Чем больше она думала о своем безрадостном положении, тем больше склонялась к мысли, что одной ей Едигира не спасти и не выходить. Нужна была чья-то помощь, но к кому обратиться, когда вокруг полно врагов. А как отличить, кто рядом с тобой -- Друг или враг?
Но когда прошел первый приступ отчаяния, и она чуть успокоилась, то неожиданно решила, что все обстоит не так уж и плохо. "У меня есть кресало, значит могу развести огонь. Есть сети, значит поймаю рыбу, изжарю ее, поем, появятся силы..."
И, оставив лодку с Едигиром на берегу, она отправилась собирать сухие ветки, во множестве лежащие вдоль берега. Нашла она и пучки травы и кусок бересты и, сложив все это в кучу, начала с помощью кресала разжигать костер. Долгое время у нее не получалось выбить хорошую искру, которая бы запалила траву, а затем и бересту, Наконец одна искорка попала на сухие травинки и показался слабый дымок. Зайла тут же бросила кресало и начала раздувать слабый огонек, прикрыв его собой.
Клубы дыма медленно выползали из костра, а огня все не было. Зайла начала уже кашлять от непрерывного дутья и едкого дыма, попадающего в рот и глаза. Но вот дым исчез и из травы вырвалось малое пламя. Зайла чуть не закричала от радости, до того ей не верилось, что она смогла сама добыть огонь. Подсунула бересту. Занялась и она. От бересты маленькие тоненькие веточки, от них большие...
Зайла вскочила на ноги и прошлась вокруг своего костра в танце, раскинув руки и прихлопывая в ладоши. К действительности ее вернул громкий собачий лай. Зайла подняла голову и увидела, что к ней направляется одинокая лодка с сидящим в ней мужчиной.

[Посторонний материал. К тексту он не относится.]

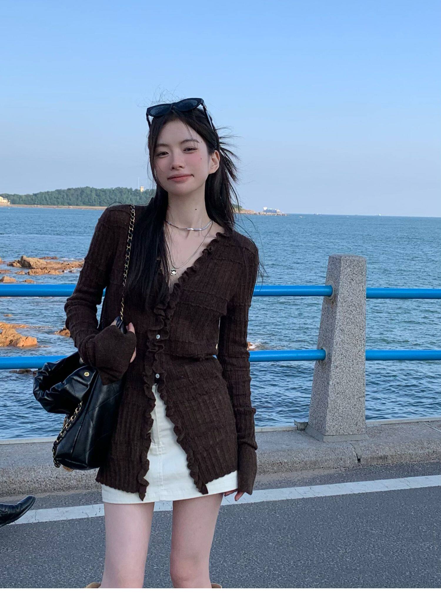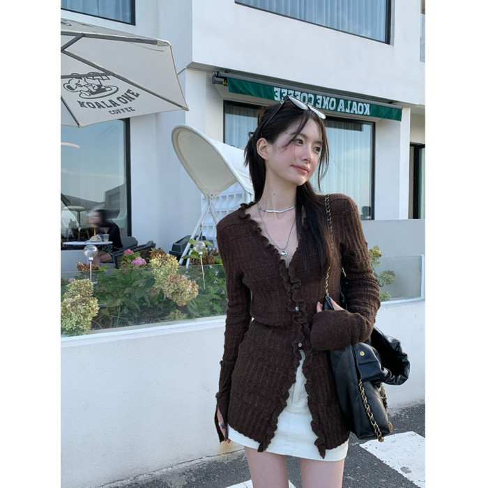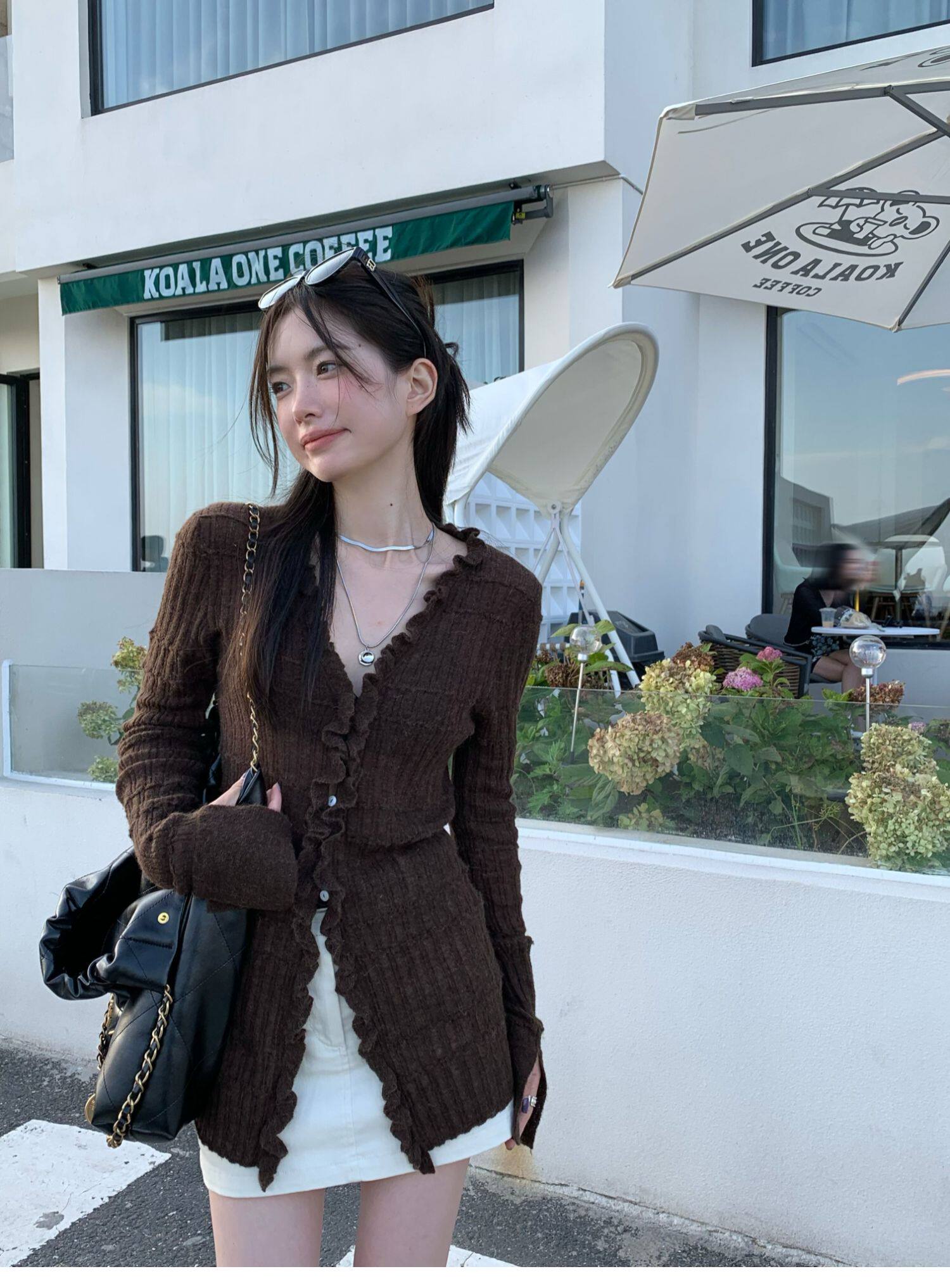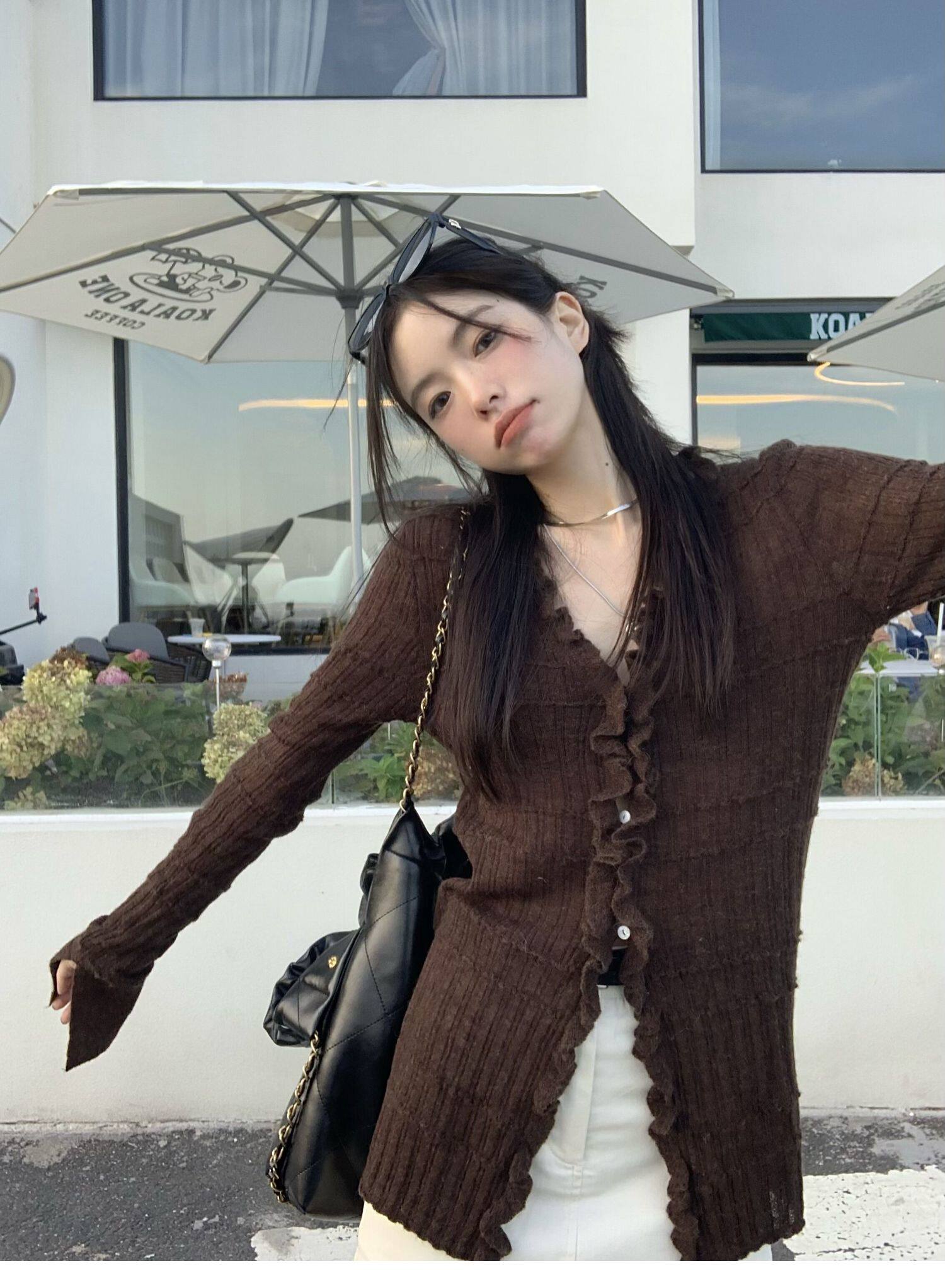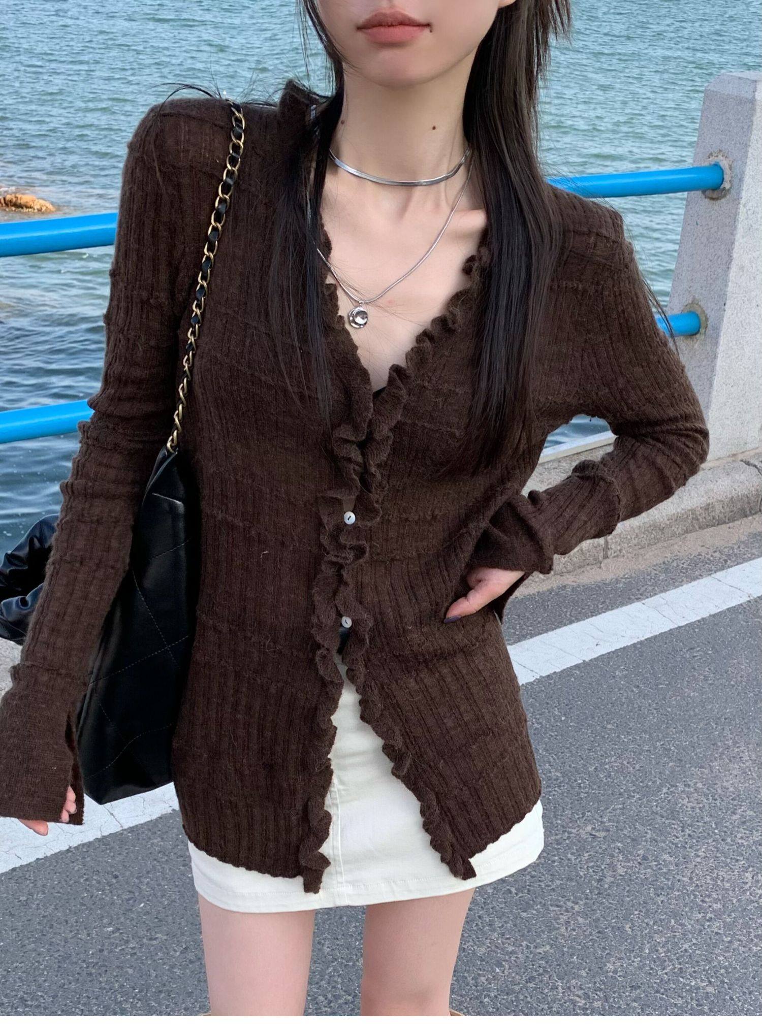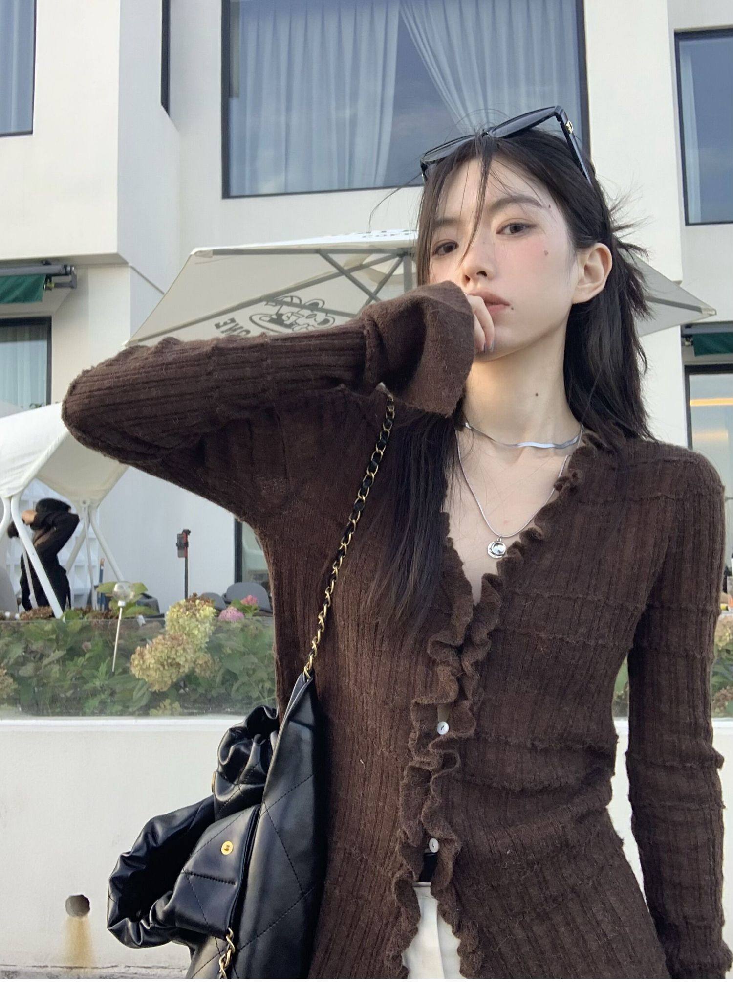 復古木耳邊V領長袖針織開衫女秋季2025新款時尚百搭修身咖色上衣

Первым ее порывом было броситься бежать от берега в сторону близкого леса. Но как бросить Едигира?.
"А если это враги? -- обожгло ее, словно огнем от занявшегося костра. Но, посмотрев но сторонам, Зайла чуть успокоилась:-- Если бы это были враги, то их бы было много. В незнакомой стране плавать на лодке по одному они не будут. К тому же они скорей бы прибыли верхом, а не по воде".
Присмотревшись к мужчине, что неторопливо греб в ее сторону, она разглядела сухое морщинистое лицо и сообразила, что тот достаточно стар и навряд ли причинит ей какой вред.
-- Может, даже поможет мне вынуть Едигира из лодки и спрятать его подальше от всех...-- прошептала Зайла.-- Помоги мне, Аллах!
Лодка незнакомца мягко причалила рядышком с лодкой беглецов. Это было выполнено так мастерски, что Зайла даже залюбовалась, как мужчина, правивший своей долбленкой, неторопливо и ловко направлял ее, не тратя притом лишних усилий.
Не выходя на берег, пришелец перегнулся через борт и заглянул без всяких церемоний в лодку, где на дне лежал неподвижный Едигир.
-- Вай, вай, вай,-- запричитал он,-- одни мертвецы встречаются мне сегодня. Сколько же их поубивали проклятые степняки? Это твой муж или брат?
Но Зайла-Сузге предпочитала отмалчиваться, пока не узнает, что за человек подплыл к ним и что у незнакомца на уме. На всякий случай она захватила из лодки обломанный нож, найденный ею в селении, и держала его в плотно сжатом кулаке за спиной.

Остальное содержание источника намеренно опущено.